[[ GIVEN DATA open ]]

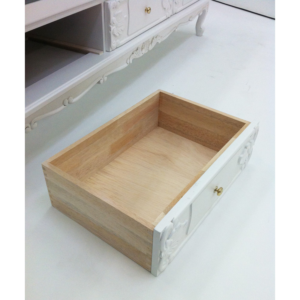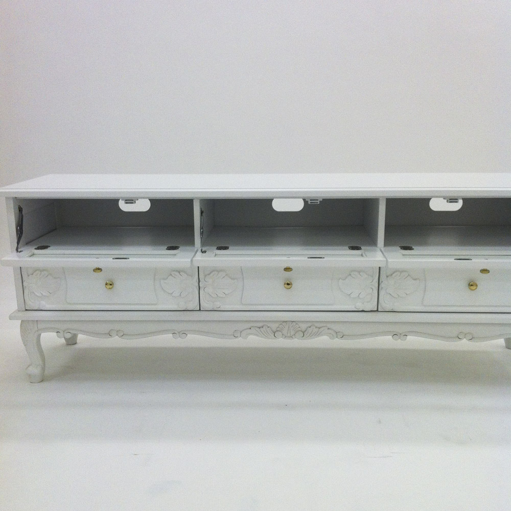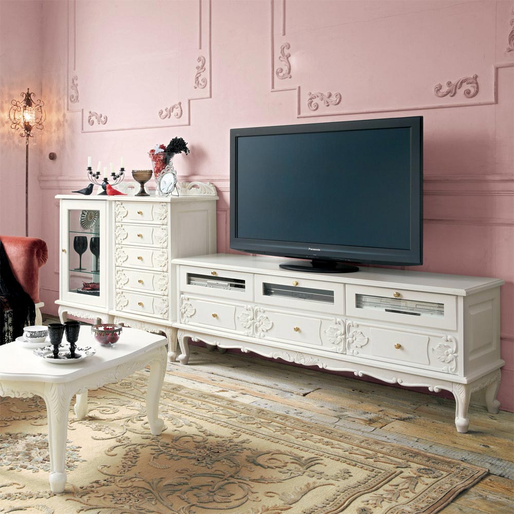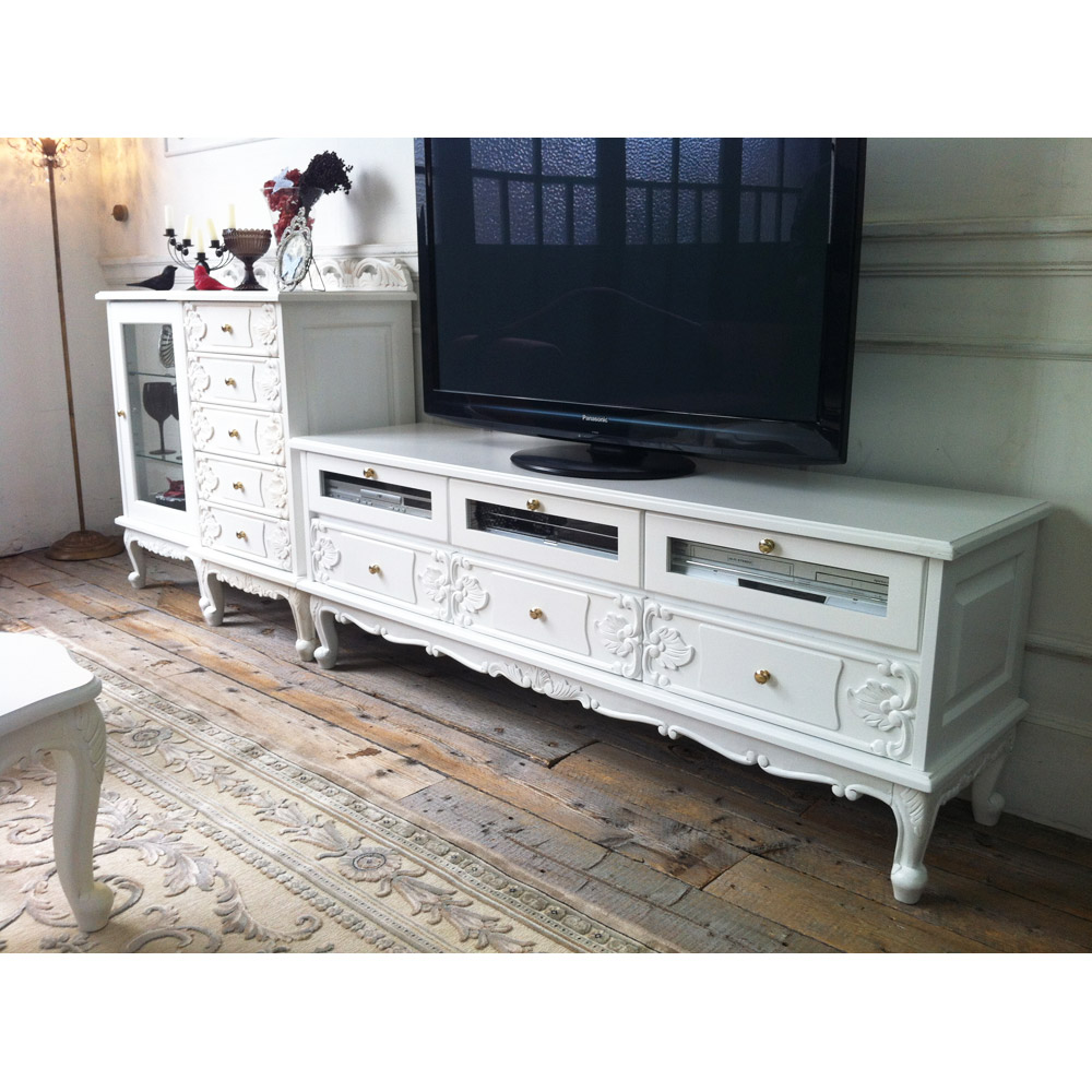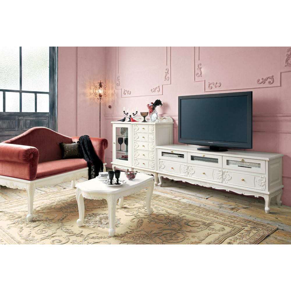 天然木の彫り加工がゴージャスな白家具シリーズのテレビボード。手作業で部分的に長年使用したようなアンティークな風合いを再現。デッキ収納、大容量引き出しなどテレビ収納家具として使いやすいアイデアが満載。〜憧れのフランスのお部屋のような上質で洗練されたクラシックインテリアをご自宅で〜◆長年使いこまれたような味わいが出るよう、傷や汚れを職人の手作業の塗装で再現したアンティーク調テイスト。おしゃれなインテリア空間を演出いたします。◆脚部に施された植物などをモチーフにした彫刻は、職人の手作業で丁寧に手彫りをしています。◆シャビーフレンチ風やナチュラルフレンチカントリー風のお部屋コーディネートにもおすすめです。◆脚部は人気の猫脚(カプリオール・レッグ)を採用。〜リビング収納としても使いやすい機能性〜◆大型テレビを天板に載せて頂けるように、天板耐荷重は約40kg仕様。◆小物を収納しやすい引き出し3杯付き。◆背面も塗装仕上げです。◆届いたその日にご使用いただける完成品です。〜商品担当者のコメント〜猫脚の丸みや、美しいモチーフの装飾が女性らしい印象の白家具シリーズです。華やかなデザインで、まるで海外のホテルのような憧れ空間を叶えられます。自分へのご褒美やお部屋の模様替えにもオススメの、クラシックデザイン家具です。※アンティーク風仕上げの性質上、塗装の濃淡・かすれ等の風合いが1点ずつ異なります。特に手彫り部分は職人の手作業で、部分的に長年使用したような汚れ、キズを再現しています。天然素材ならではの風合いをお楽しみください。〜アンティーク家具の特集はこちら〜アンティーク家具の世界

[[ GIVEN DATA closed ]]
[[ GIVEN DATA open ]]

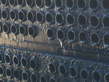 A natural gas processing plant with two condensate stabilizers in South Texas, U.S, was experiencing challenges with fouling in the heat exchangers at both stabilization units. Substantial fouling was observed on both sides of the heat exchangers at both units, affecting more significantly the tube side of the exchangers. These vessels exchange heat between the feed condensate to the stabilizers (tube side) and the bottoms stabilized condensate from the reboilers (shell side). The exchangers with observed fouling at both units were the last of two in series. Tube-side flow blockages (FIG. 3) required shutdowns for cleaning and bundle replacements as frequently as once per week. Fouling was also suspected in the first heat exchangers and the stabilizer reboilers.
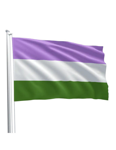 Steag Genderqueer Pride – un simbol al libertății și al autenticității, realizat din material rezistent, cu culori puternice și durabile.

[[ GIVEN DATA closed ]]

◆ PROBLEM REQUIREMENTS
When you reach the line holding "A natural gas" in the listing above, begin retyping exactly, and stop once the line holding "Steag Genderqueer Pride" is done; pictures stay out.

◆ TASK SOLUTION
 A natural gas processing plant with two condensate stabilizers in South Texas, U.S, was experiencing challenges with fouling in the heat exchangers at both stabilization units. Substantial fouling was observed on both sides of the heat exchangers at both units, affecting more significantly the tube side of the exchangers. These vessels exchange heat between the feed condensate to the stabilizers (tube side) and the bottoms stabilized condensate from the reboilers (shell side). The exchangers with observed fouling at both units were the last of two in series. Tube-side flow blockages (FIG. 3) required shutdowns for cleaning and bundle replacements as frequently as once per week. Fouling was also suspected in the first heat exchangers and the stabilizer reboilers.
 Steag Genderqueer Pride – un simbol al libertății și al autenticității, realizat din material rezistent, cu culori puternice și durabile.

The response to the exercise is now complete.